Of dogs and baseballs
By Jim Gates
Sometimes when searching for the answer to a question, we come across something else that just can’t be left alone. I was recently conducting some research on the history of Ladies’ Day at ballparks, an innovative event often attributed to Abner Powell.
Powell was a part-owner and manager of the New Orleans Pelicans during the late 1880s, and he initiated such baseball institutions as Ladies’ Day, rain checks and the infield tarpaulin. These are concepts which are still a regular part of baseball.
However, in the process of reading about his impact on baseball history, I came across a little story which simply must be shared, one that you can really sink your teeth into.
It was during the dog days of summer in 1886, Aug. 22 to be exact, that Powell was playing outfield for the Cincinnati Red Stockings when William Van Winkle “Chicken” Wolf of the Louisville Colonels came to bat.
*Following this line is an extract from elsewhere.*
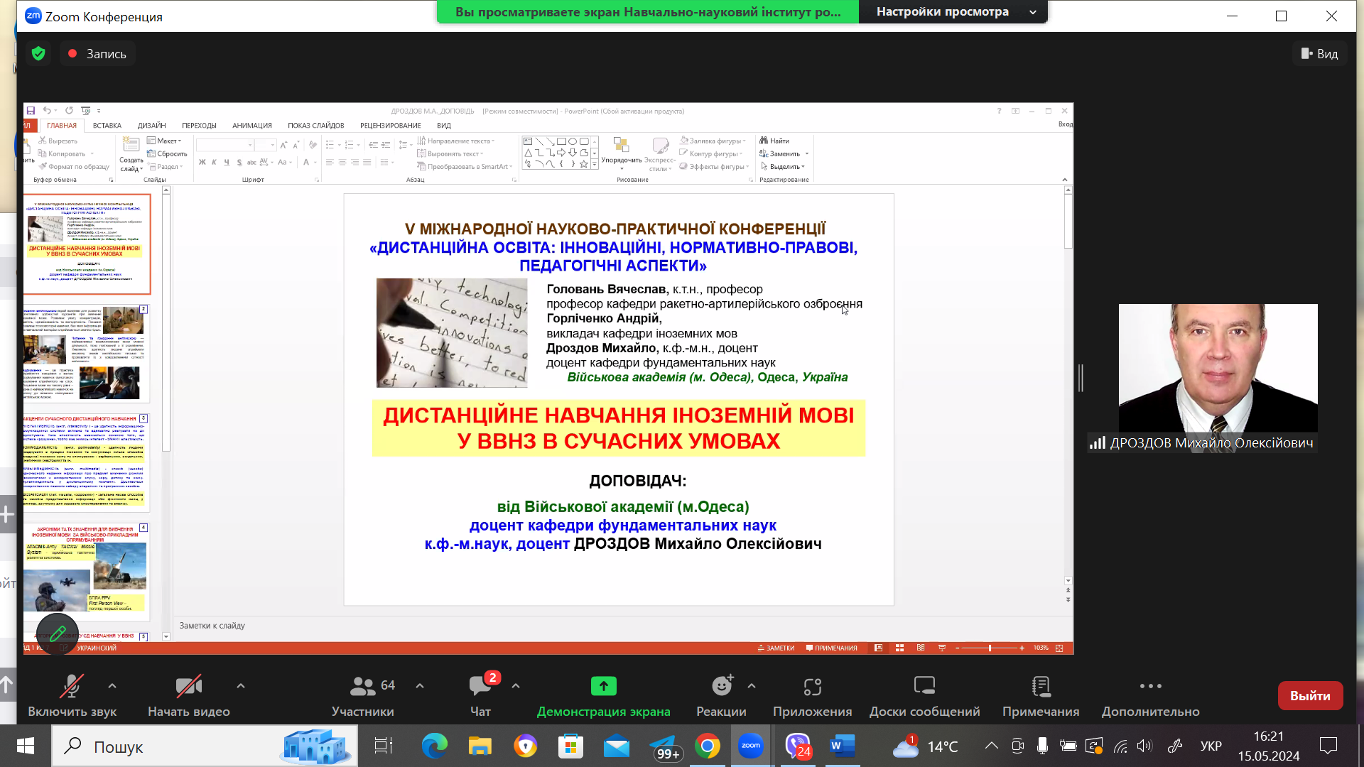Вельми актуальною та цікавою була презентація «ДИСТАНЦІЙНЕ НАВЧАННЯ ІНОЗЕМНІЙ МОВІ У ВВНЗ В СУЧАСНИХ УМОВАХ» ДРОЗДОВА М.О., канд. фіз.-мат. наук, доцент, кафедра фундаментальних наук, Військова академія (м. Одеса, Україна). Співавтори: ГОЛОВАНЬ В.Г., канд. тех. наук, професор, кафедра ракетно-артилерійського озброєння та ГОРЛІЧЕНКО А.М., викладач кафедри іноземних мов, Військова академія (м. Одеса, Україна).

Wolf lofted a fly ball in Powell’s direction, but before he could collect the ball to return to the infield, he was attacked by a dog that heretofore had been snoozing in the outfield grass.
The dog, perhaps vaguely aware of some canine kinship to a player named Wolf, took hold of Powell’s leg and would not let go, making it possible for Wolf to round the bases. Wolf was credited with a home run, but it is not known whether the dog recorded an RBI assist.
Talk about your dog day afternoon! As immediately noted by a colleague of mine, this would make Powell part of another baseball first, the “inside-the-bark” home run! For Powell, it was clearly a case of ribbies versus rabies.
Now that is something to chew on.
Jim Gates is librarian of the National Baseball Hall of Fame Library.